At the budget meeting on 23 February, Tories and Labour united to vote down the council tax increase. After their flagship policy was defeated, the Green’s slumped in behind the Labour’s cuts budget, which will slice £35 million from local services. In the entire council chamber only Alex Phillips from the Greens voted against the cuts. Phillips later made it clear on her blog she only opposed the budget because it froze the council tax.
Local Green MP, Caroline Lucas, spoke out against the vote, and the local unions tried to put pressure on Labour councillors to put forward a “no cuts” budget – but to no avail.
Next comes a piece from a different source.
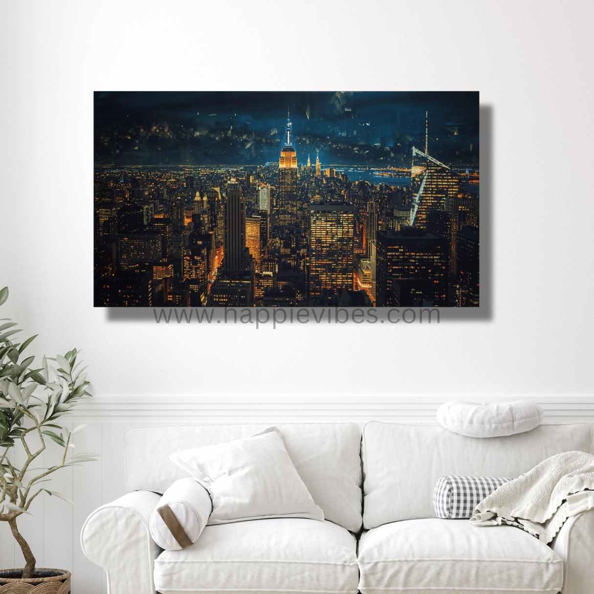 Allow this inspiring NYC Night Skyline Art to transform your modern home decor or executive office decor into a statement of unparalleled urban elegance and aspiration. It elevates the atmosphere, sparks conversations about culture and drive, and reinforces the feeling that energy is always within reach. Perfect for sleek living areas, sophisticated bedrooms, or as a classic gifting option. To find more unique and inspiring art for your home or office, explore our full collection of categories here: https://www.happievibes.com/shop/. This unique artwork is an original vision of Happie Vibes, created and curated by the artist. We guarantee the highest quality product, designed to infuse your space with positivity and lasting beauty.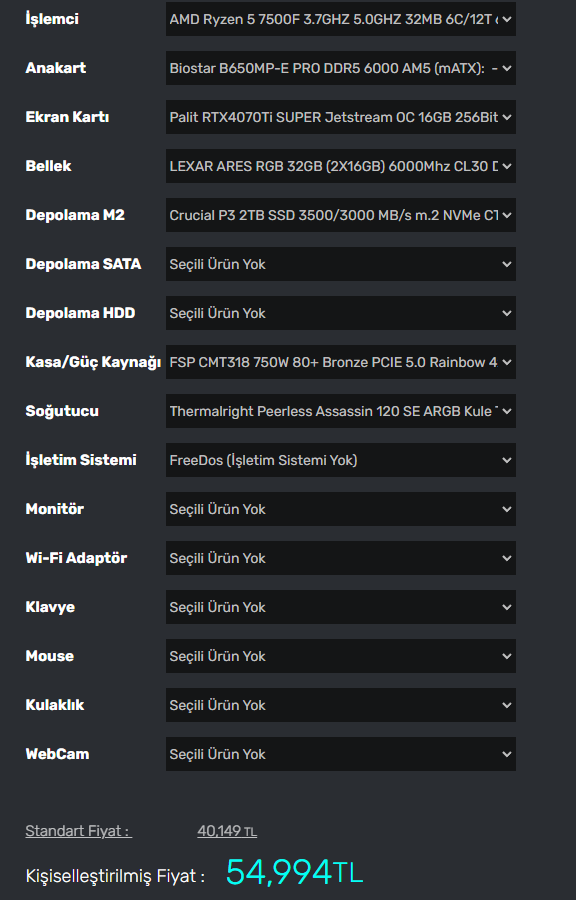 1080p'de kullanacağın için darboğaz yememek için kesinlikle 7800X3D + 4070 Super daha iyi olur. Soğutucu olarak Thermalright Peerless Assassin kısmen yeterli olur ama Thermalright Aqua Elite 360mm veya en kötü bi Thermalright Aqua Elite 240mm seçebilirseniz süper olur. SSD'yi 1 tb'a düşürürseniz bütçeniz yeter. Şu şekilde alabilirseniz süper olur, bunun üstüne crucial p3 2tb seçebilirseniz de maksimum o olur.

However even worse was to come. The motion to discuss the Brighton fiasco at the Greens’ national conference in February was understandably submitted late. This meant that a vote had to be taken on whether to suspend standing orders and allow time for the debate. But conference voted to not even discuss it after leading party members argued against having the debate on this strategic issue: what to do when in office.
Denied a chance to address the conference on this key issue, the socialist wing of the Greens, Green Left, has responded with increasing frustration. Some have resigned.
When Lucas spoke at the Occupy camp last autumn, she called for “a new kind of politics”. Sadly the Greens have failed to provide that. The one chance they had to prove they are a principled anticuts party has now been lost. What has been proven is that, once in power, they play the same game as the mainstream parties.
This is of a piece with European Greens, who have entered coalition governments. In France the Greens voted for cuts, in Germany they voted for the Afghan war and in Ireland for the bailout package. This is because the Greens are not a working class party, but defend private property and the profit system.
Socialists and progressives in the Green Party should reconsider their position and look to building an anticapitalist alternative embedded in the working class.